■ **Task requirements**: Your task is to return exactly the lines that run from the one containing "flash at night." through the end of the listing below, without any pictures.

[Data extract]

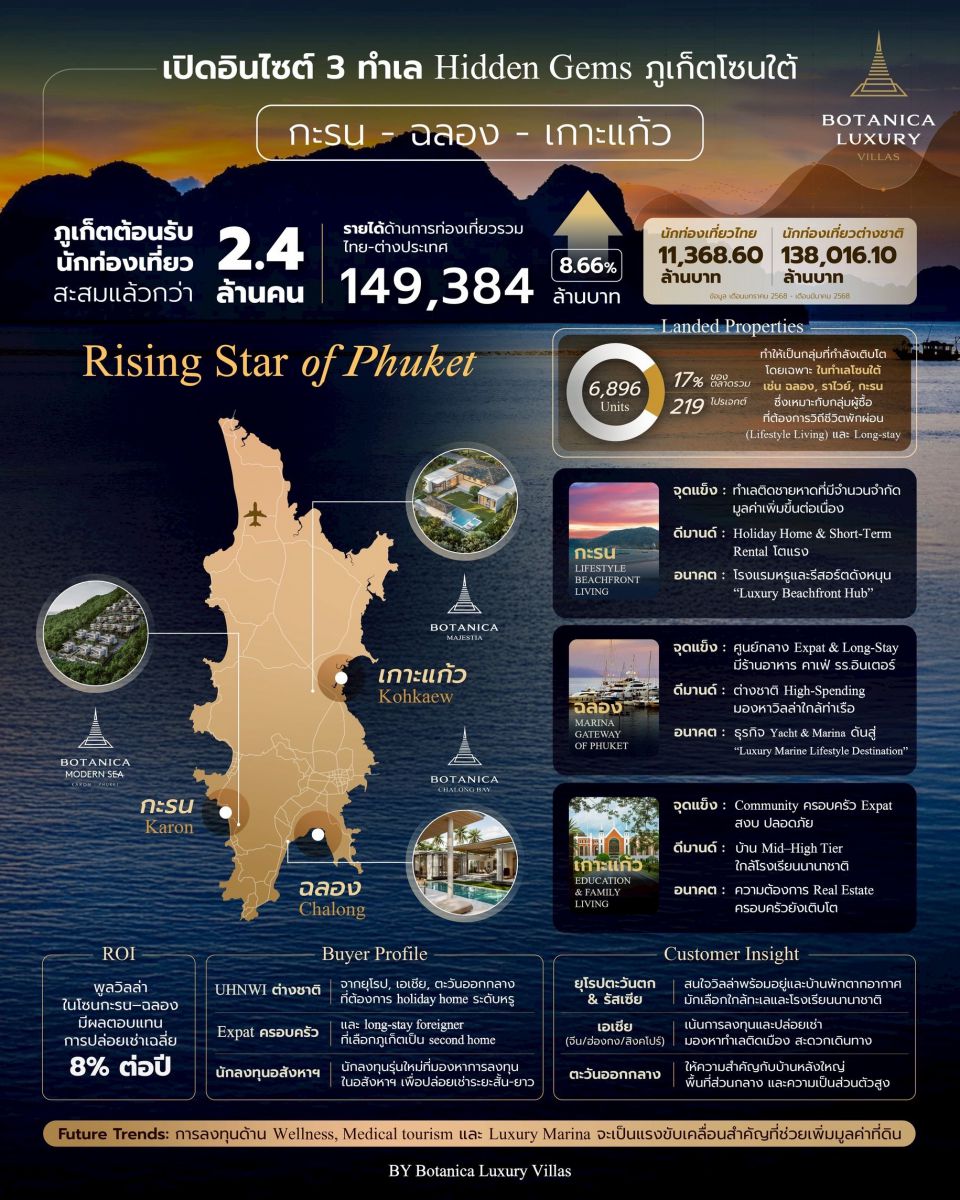 ภูเก็ต 23 กันยายน 2568 -จังหวัดภูเก็ตในวันนี้ไม่ได้เป็นเพียงเกาะท่องเที่ยวระดับโลกที่มีชื่อเสียงเรื่องหาดทรายและทะเลอันดามันเท่านั้น แต่กำลังกลายเป็น "จุดหมายด้านการลงทุนอสังหาริมทรัพย์หรู" ที่นักลงทุนต่างชาติ รวมถึงผู้ซื้อระดับบนจากเมืองไทยและทั่วโลกจับตามอง โดย โบทานิก้า ลักซูรี่ วิลล่า ผู้พัฒนาพูลวิลล่าลักชัวรีอันดับหนึ่งของภูเก็ตด้วยประสบการณ์กว่า 20 ปี เล่าว่าปีนี้ภูเก็ตกลับมาคึกคักอย่างมาก จากข้อมูลโดยสมาคมธุรกิจการท่องเที่ยวจังหวัดภูเก็ต ภูเก็ตมีนักท่องเที่ยวสะสมกว่า 2.4 ล้านคน โดยรวมโต 8% ในปีนี้ (ตั้งแต่วันที่ 1 มกราคม – 31 พฤษภาคม 2568) พร้อมรายได้ด้านการท่องเที่ยวรวม 149,384 ล้านบาท เติบโต 8.66% จากปีก่อน ในขณะเดียวกัน กลุ่มตลาด Long-stay และ Digital Nomad รวมถึงกลุ่ม Ultra-High Net Worth Individuals (UHNWI) ที่ยกให้ภูเก็ตเป็นบ้านหลังที่สอง ก็เติบโตสูงขึ้นอย่างต่อเนื่อง
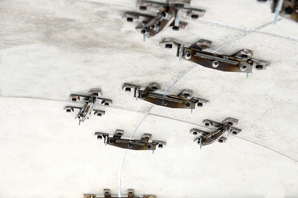 Zur Fügung der dünnwandigen Halbfertigteile wurde vom Projektpartner Köber-Plan ein adaptives Verbindungselement aus Stahl entworfen. Dieser sogenannte Doppelkreuzverbinder (kurz: DKV) wird luftseitig an einbetonierten Hülsen in den Segmenten der Primärschale verschraubt. Dort verbleibt er bis zum Aushärten der Aufbetonschicht, kann dann abgenommen und schließlich wiederverwendet werden.
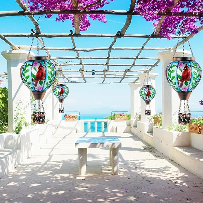 • 【Cardinal Hot Air Balloon Solar Lantern】The Starsoul solar hot air balloon lantern is composed of 8 pieces of glass: 4 pieces of cardinal and 4 pieces of green branches appear alternately. Cardinal hot air balloon lanterns are a good decoration, with bright colors and vivid patterns during the day, and the flame lights flash at night.
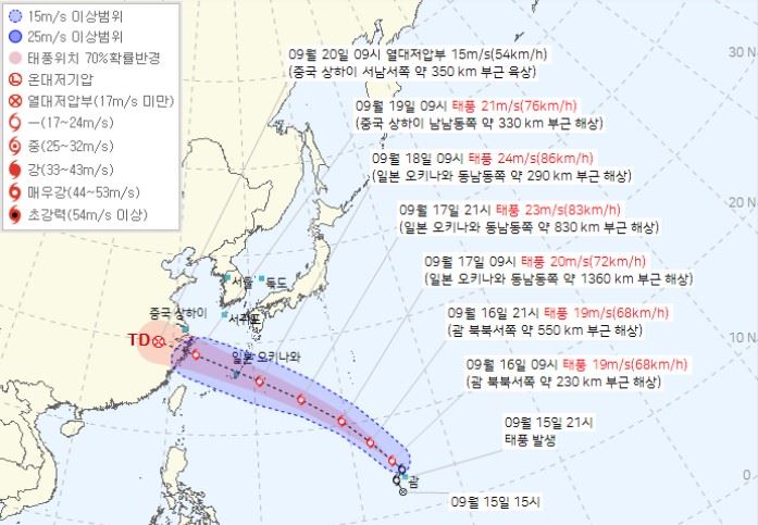 18일 오전 일본 오키나와 동남동쪽 약 290km 부근 해상까지 접근하고, 19~20일에는 중국 상하이 서남서쪽 해안을 통해 상륙할 것으로 전망된다.

[/Data extract]

■ **Result**:
 • 【Cardinal Hot Air Balloon Solar Lantern】The Starsoul solar hot air balloon lantern is composed of 8 pieces of glass: 4 pieces of cardinal and 4 pieces of green branches appear alternately. Cardinal hot air balloon lanterns are a good decoration, with bright colors and vivid patterns during the day, and the flame lights flash at night.
 18일 오전 일본 오키나와 동남동쪽 약 290km 부근 해상까지 접근하고, 19~20일에는 중국 상하이 서남서쪽 해안을 통해 상륙할 것으로 전망된다.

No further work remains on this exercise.